Measuring spin destroys information.
Igor
The problem is that there never was a classical theory of particle
spin. It's a concept that has its roots entirely in QM.
Traditionally, effects of spin were observed as very fine splitting of
lines in atomic emission spectra. Pauli was the first person to show
how this could come about if we think about electrons as having
intrinsic angular momenta, i.e. behaving like tiny spinning tops. The
analogy works up to a point, but can have some nonsensical
consequences if taken too seriously. It's known that mathematically
spin has the same properties as classical angular momentum in terms of
operators and wave functions. And that's really all that can be said
about it.
Igor
It has nothing to do with pair production, per se. Spin and linear
momentum can point in any direction, independent of each other.
However QM deals with the mathematics of the outcomes of measurements,
and it says that only spin and linear momentum components in the same
direction can have simultaneous eigenvalues in any given system. That
means that they are compatible dynamical variables and we can measure
both at the same time to as large a precision as necessary.
Measurements of any other pairs of components will always interfere
with each other in much the same way as measurements of particle
location and momentum do.
Since spin obeys the same mathematical rules as orbital angular
momentum, the same rules apply to orbital angular momentum and linear
momentum as well.
Igor
Darksquall) wrote:
The electron orbitals you deal with in Chemistry are not at all
classical physics. They were first derived from solutions to the
Schrodinger wave equation back in the 1920's and 30's. It's all
quantum based.
Igor
No spin in classical physics. Only orbital angular momentum.
Igor
<wwol...@sympatico.can> wrote:
>On Sun, 24 Aug 2003 00:03:49 GMT, Lester Zick wrote:
>
>>>The classical models DO indicate a spin. There are spin 1/2 and spin
>>>-1/2 electrons even in the classical orbit. At least during the
>>>transition phases between classical and quantum.

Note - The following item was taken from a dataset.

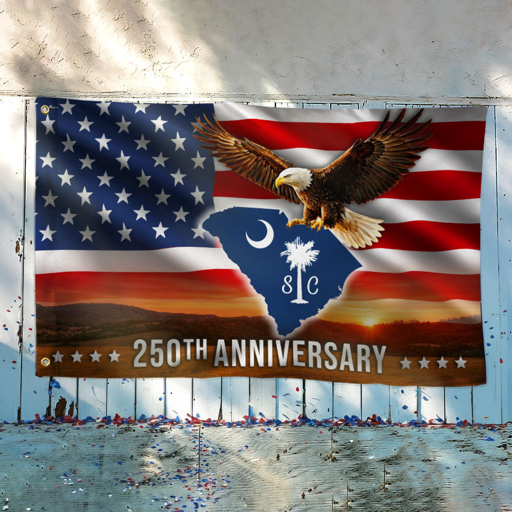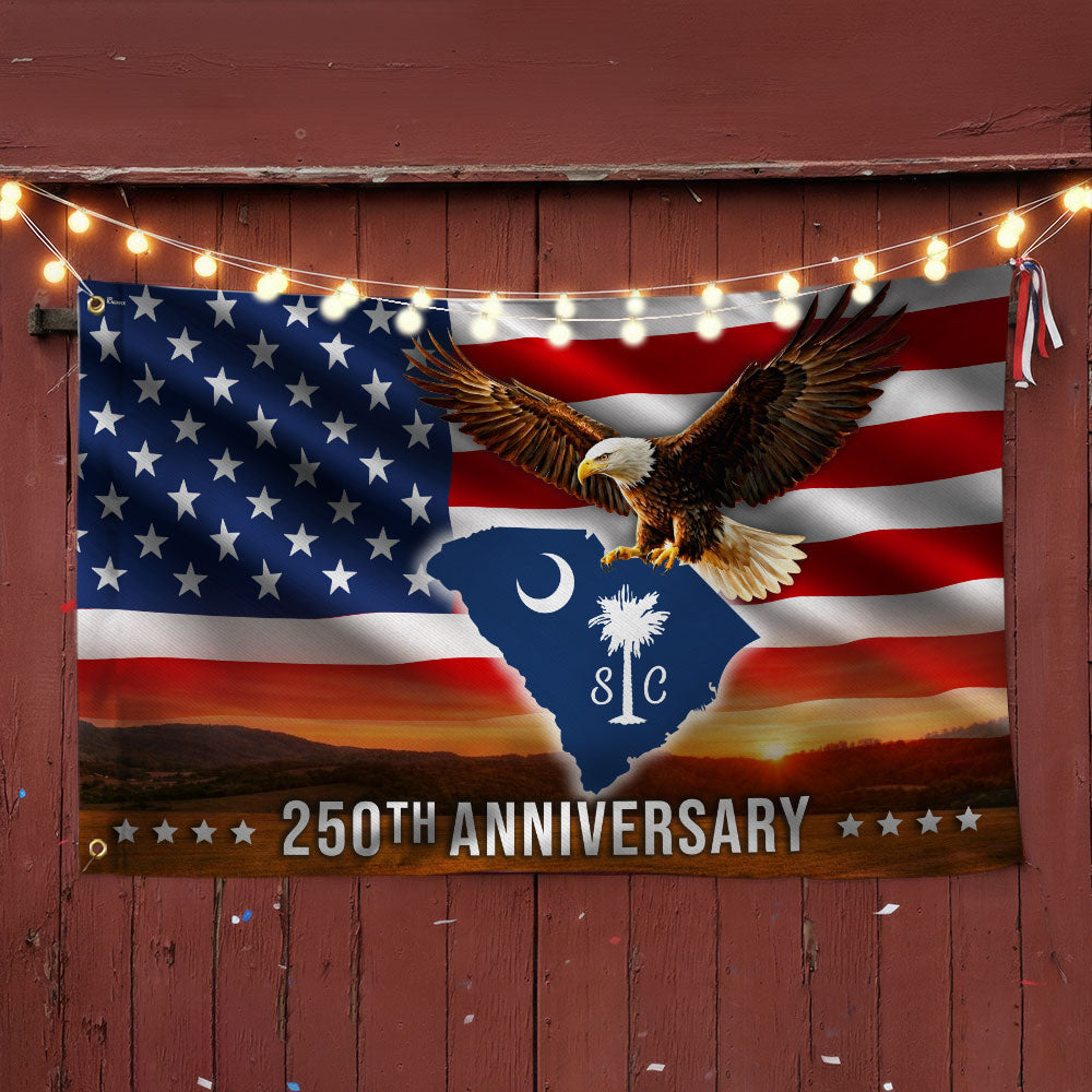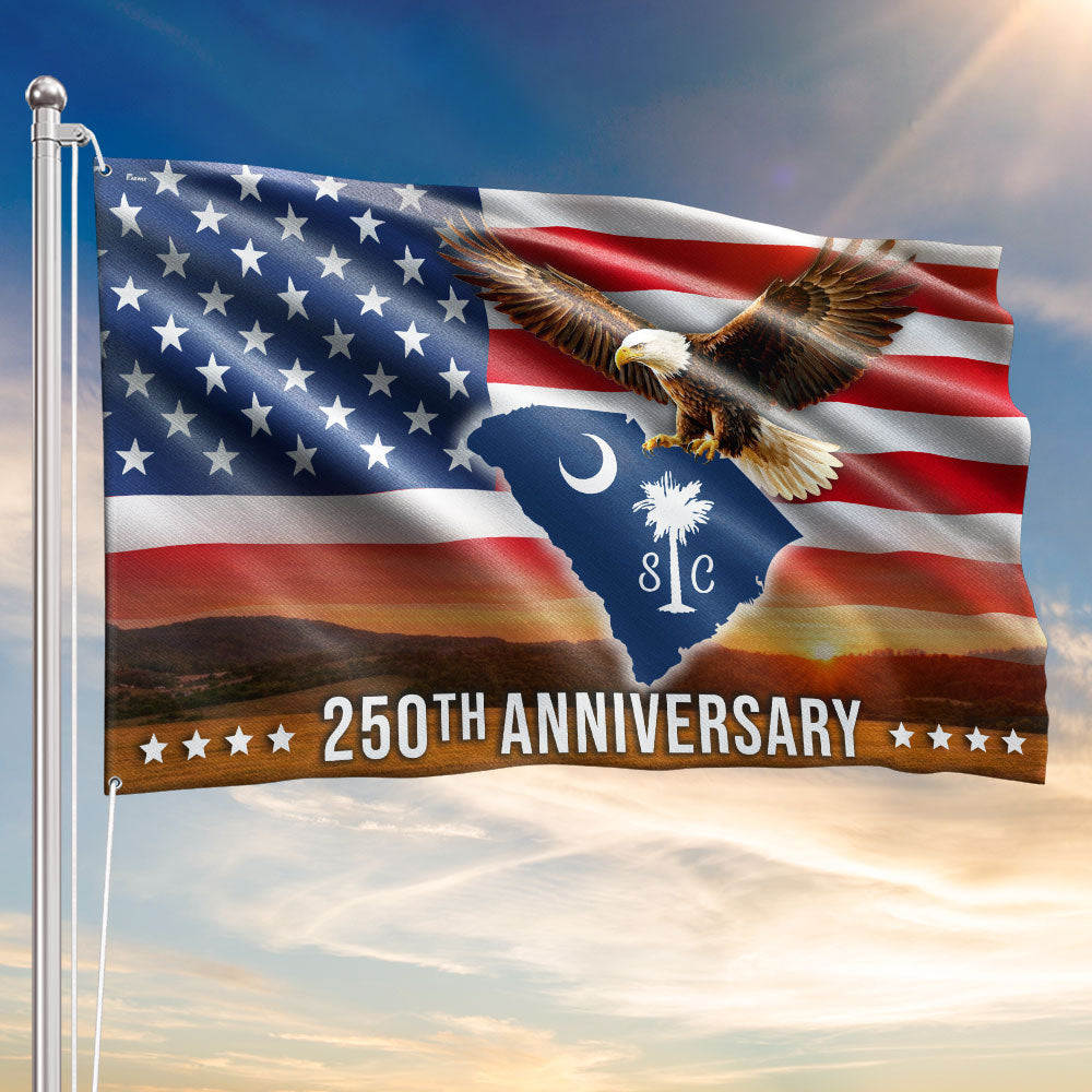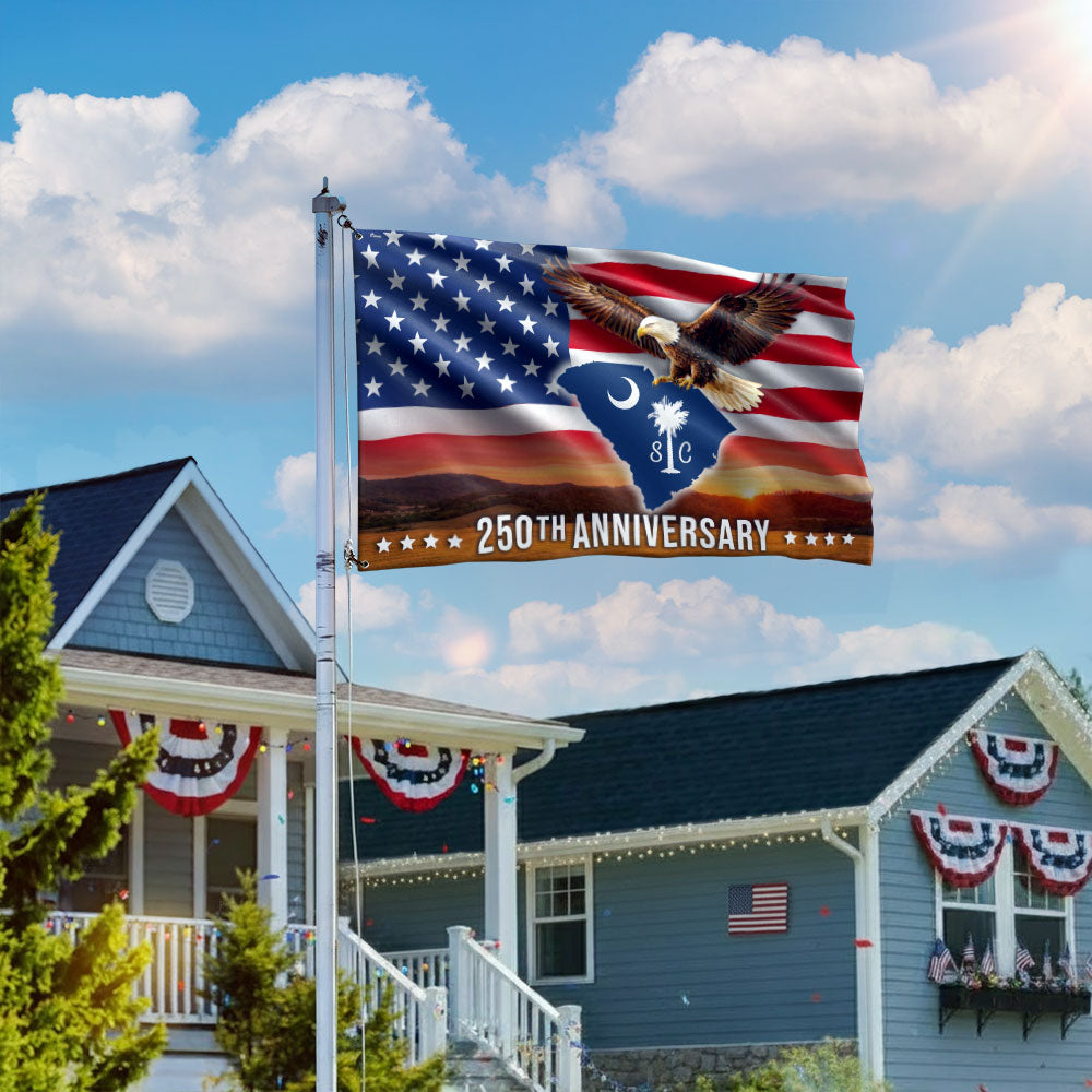 SC 250th Anniversary Flag, South Carolina USA Patriotic Eagle Grommet Flag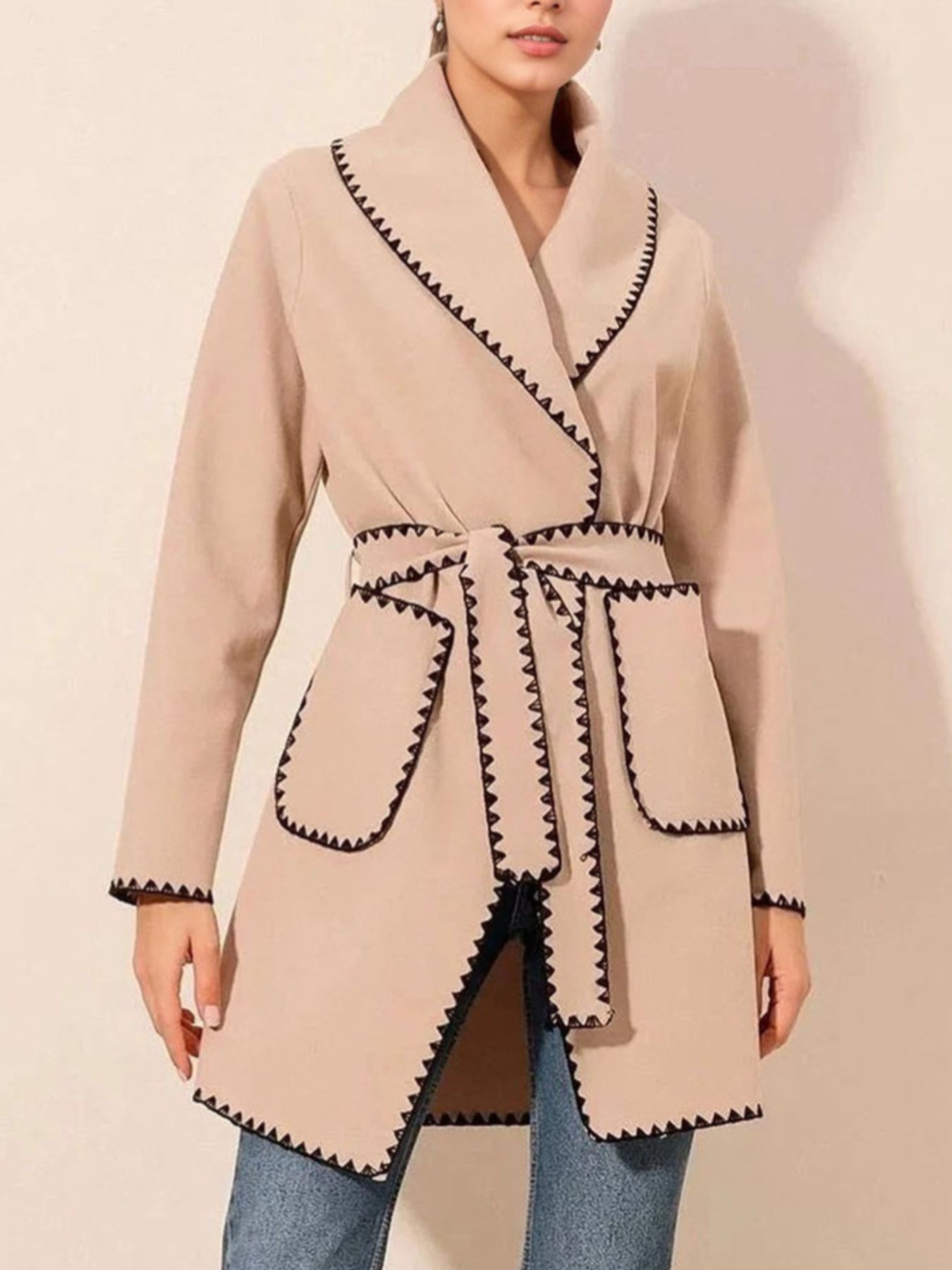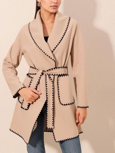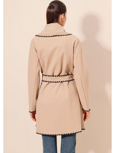 Contrast Trim Tie Waist Outerwear

But I may be wrong.
>>>In High School chemistry they showed me the electron orbitals, but
>>>they didn't introduce the concept of uncertainty. Or is it that my
>>>High School chemistry textbook was just really up to date, perhaps?
>>
>>This is consistent with my own experience except I don't really see
>>what uncertainty has to do with it.
>
>Measuring spin destroys information.
Not by itself. In QM, I can measure any one thing to arbitrary
accuracy. When we try to make simultaneous measurements of pairs of
quantities is where we sometimes run into problems. That's where the
uncertainty principle comes in. Some pairs of measurements are
compatible and some are not. Half the battle in QM is knowing which
ones are which.
ZZBunker
It's not really a problem though.
It was only a problem for Feynmann, since he was
somewhat arbitrarily clueless what "uncertainity" means.
Joseph Legris
So who cross-posted it to sci.cognitive? It's your baby as far as I can
tell.
The source of the terms is irrelevant - they are all grist for your
knowledge mill. Information goes in and nonsense comes out.
--
Joe Legris
Lester Zick
Whatever.
Lester Zick
<wwol...@sympatico.can> wrote:
>On Sun, 24 Aug 2003 00:03:49 GMT, Lester Zick wrote:
>
>>>The classical models DO indicate a spin. There are spin 1/2 and spin
>>>-1/2 electrons even in the classical orbit. At least during the
>>>transition phases between classical and quantum. But I may be wrong.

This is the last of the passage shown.